| Security control | Priority | Description |
|---|---|---|
| Public endpoint URL | Mandatory | Ensure your endpoint is publicly accessible over HTTPS. |
| IP whitelisting | Highly recommended | Restrict traffic to Cashfree’s IP ranges. |
| Signature verification | Highly recommended | Verify HMAC signature for each request. |
| Secure Sockets Layer (SSL) whitelisting | Optional | Configure mutual TLS for enhanced security. |
| Authentication validation | Optional | Add custom authentication for additional protection. |
Public endpoint URL
Your webhook endpoint must be publicly accessible over the internet for Cashfree to deliver notifications. Use this as your foundation and apply the security controls described in the following sections to protect the integration.Ensure your endpoint URL uses HTTPS to encrypt data during transmission.
IP whitelisting
Restrict inbound traffic to accept requests only from Cashfree’s known IP ranges. This control ensures your endpoint receives webhooks exclusively from legitimate Cashfree sources. To configure IP whitelisting, complete the following steps:- Obtain the list of Cashfree’s published IP addresses from the Security features documentation.
- Configure your firewall rules to allow requests only from these IP ranges.

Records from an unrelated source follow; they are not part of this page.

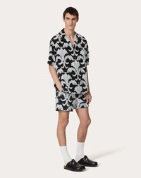 Valentino nylon swimsuit with all-over Metamorphos Wall print - Regular fit - Elasticated waistband - Two side pockets - One pocket on the back - Composition: 100% Polyamide - Length: 38.2 cm / 15 in. in an Italian size 46 - The model is 187 cm / 6'1" tall and wears an Italian size 46 - Made in Italy The look of the model is completed by Valentino Garavani Fussfriend Shoes. Product code: 5V3UH028ADL_ZBC
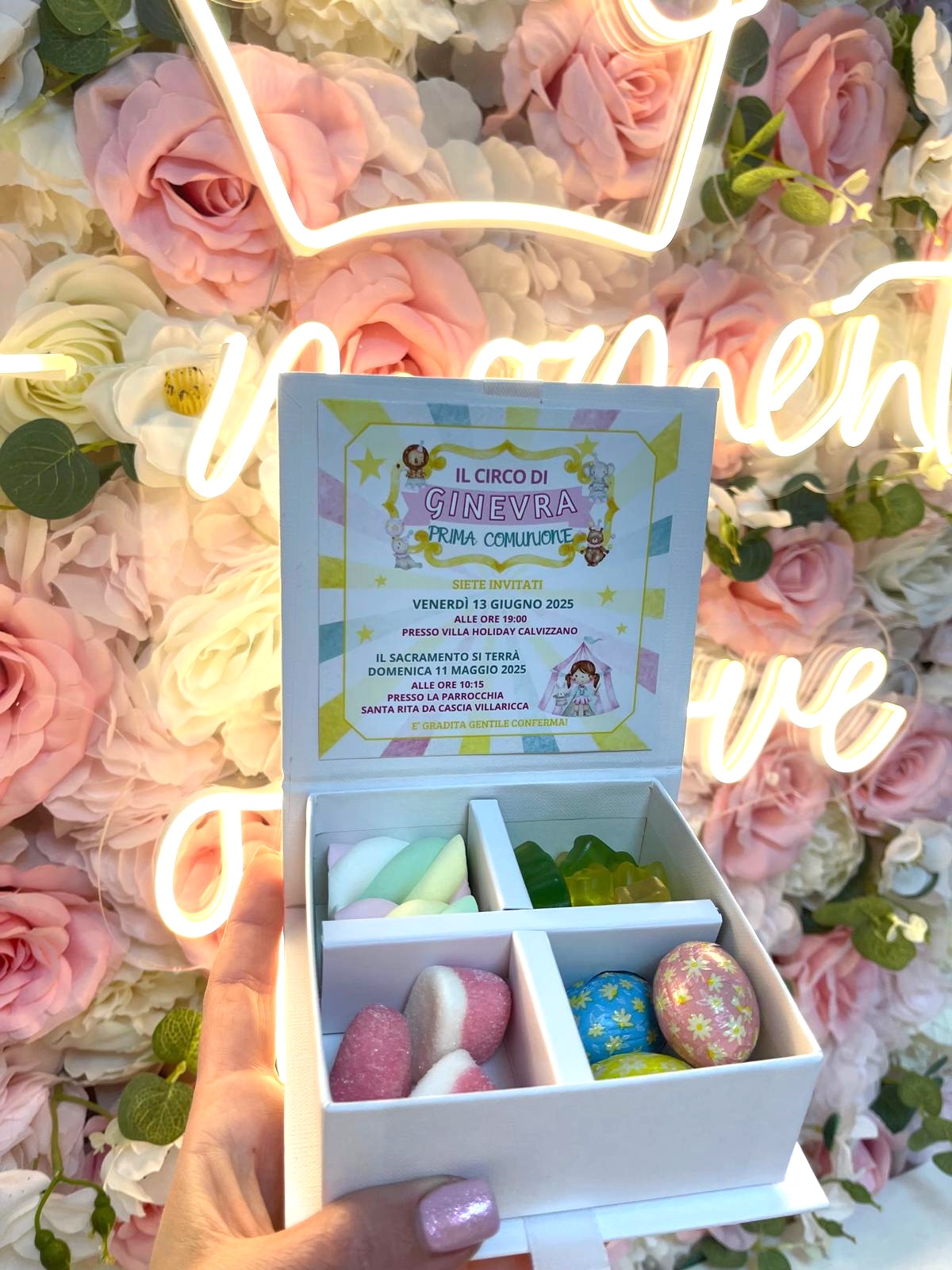 Le scatoline sono personalizzate con i dati del tuo evento.
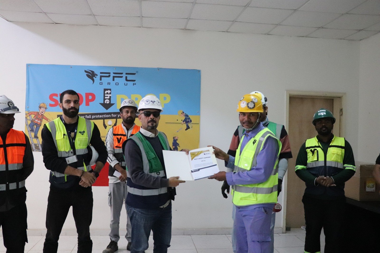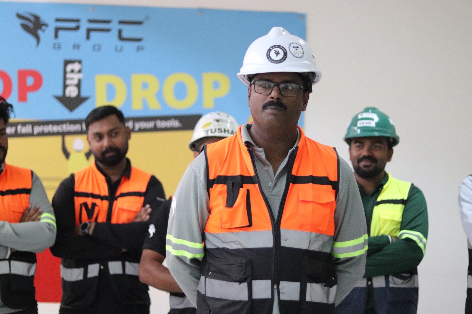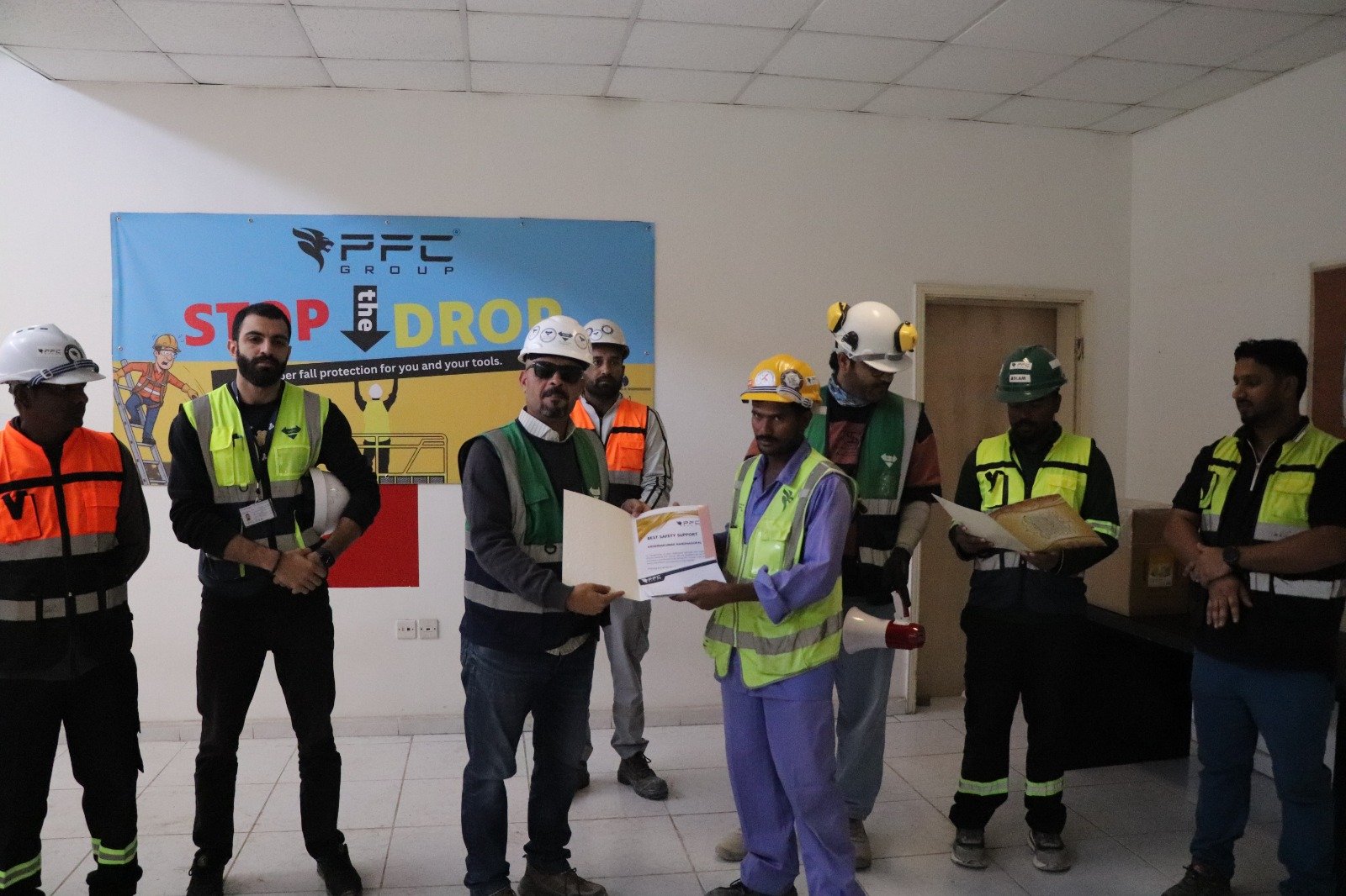The Stop the Drop HSE Campaign was a comprehensive three-day initiative designed to mitigate dropped-object hazards and enhance workplace safety. The program commenced with a focused Toolbox Talk that defined hazards—such as falling tools and debris—and identified high-risk activities like scaffolding work and lifting operations. Over the course of the campaign, leadership, including PFC HSE Manager Liyon Jose and BCG HSE Manager Ahmed Kamal, facilitated detailed awareness speeches, visual campaign displays, and practical demonstrations of preventive controls like tool lanyards, toe boards, and proper material stacking. The event also featured interactive elements, such as a quiz session with BCG HSE Engineer Fayaz Khan and the presentation of Best Safety Awards to recognize exemplary worker participation. Ultimately, this structured engagement improved workforce compliance and reinforced individual responsibility for maintaining a secure overhead environment.
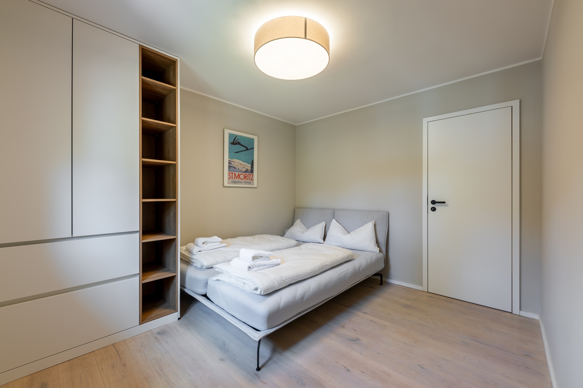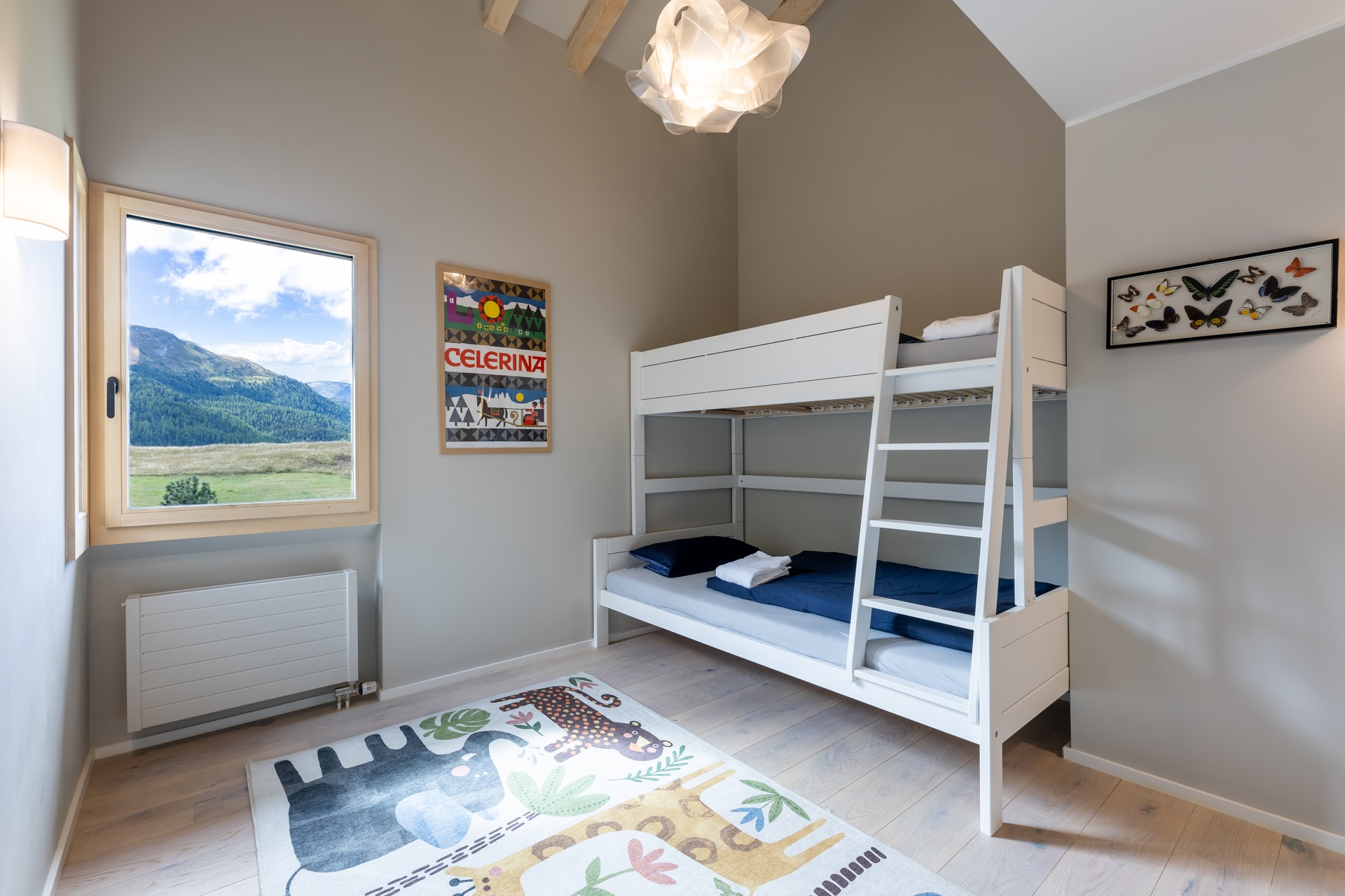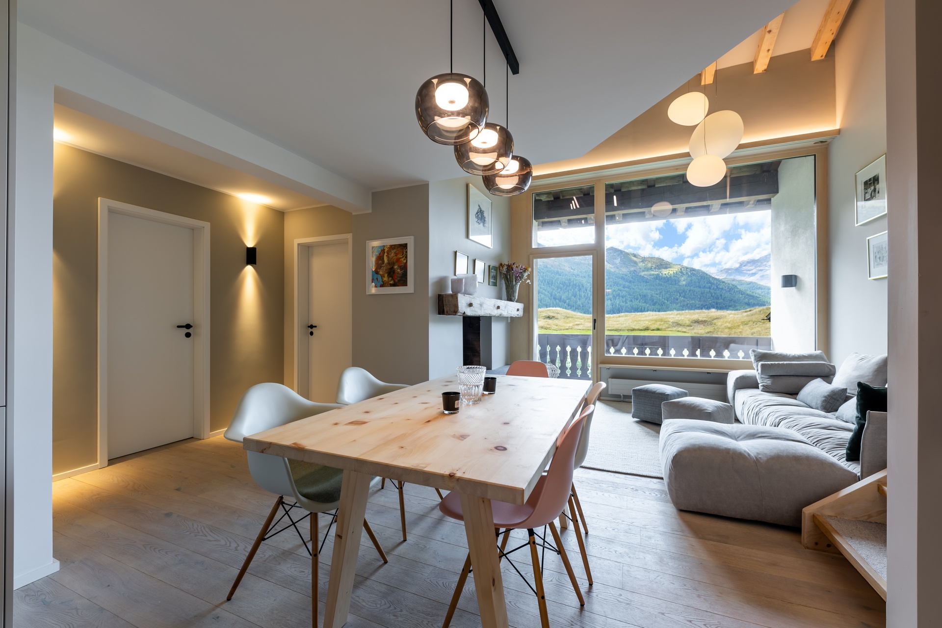 Just a short walk from the Corvatsch ski resort, this stylish and fully renovated duplex apartment on the second floor of the Crest’alta residence accommodates up to six guests. Spread across two levels, it features two spacious double bedrooms and a single bedroom with bunk beds, ideal for children.

- Block all other inbound traffic to your webhook endpoint.
Signature verification
All webhook notifications include a cryptographic signature using HMAC-based validation. Verify this signature to confirm the authenticity and integrity of each request. To implement signature verification, follow these guidelines:- Serve your webhook endpoint over HTTPS to protect data during transmission.
- Extract the signature from the webhook request headers.
- Verify the signature against the raw request body using your secret key.
- Receive the payload as raw data to prevent modifications before verification.
Required headers
Validate the following mandatory headers in each webhook request:| Header | Description |
|---|---|
x-webhook-signature | The cryptographic signature for payload verification. |
x-webhook-timestamp | The timestamp when the webhook was generated. |
x-webhook-version | The API version of the webhook payload. |
For detailed implementation examples with SDK and manual verification code samples, refer to Webhook signature verification.
SSL whitelisting
For enhanced transport-level security, configure mutual TLS (mTLS) authentication between your systems and Cashfree. To enable SSL whitelisting, you can:- Provide your SSL certificate to Cashfree for addition to their trusted certificate sources.
- Add Cashfree’s certificate to your system’s trusted certificates.
SSL whitelisting is an optional security layer. Contact Cashfree support to configure mutual TLS authentication for your account.
Authentication validation
If your endpoint requires custom authentication, configure Cashfree to include the necessary credentials in webhook requests. Cashfree supports the following authentication methods:- Basic authentication: Username and password credentials
- Bearer tokens: Token-based authentication
- Custom headers: Application-specific authentication parameters
- Share the required authentication parameters with Cashfree.
- Implement server-side validation to verify the authentication fields in request headers.
- Reject requests that fail authentication checks.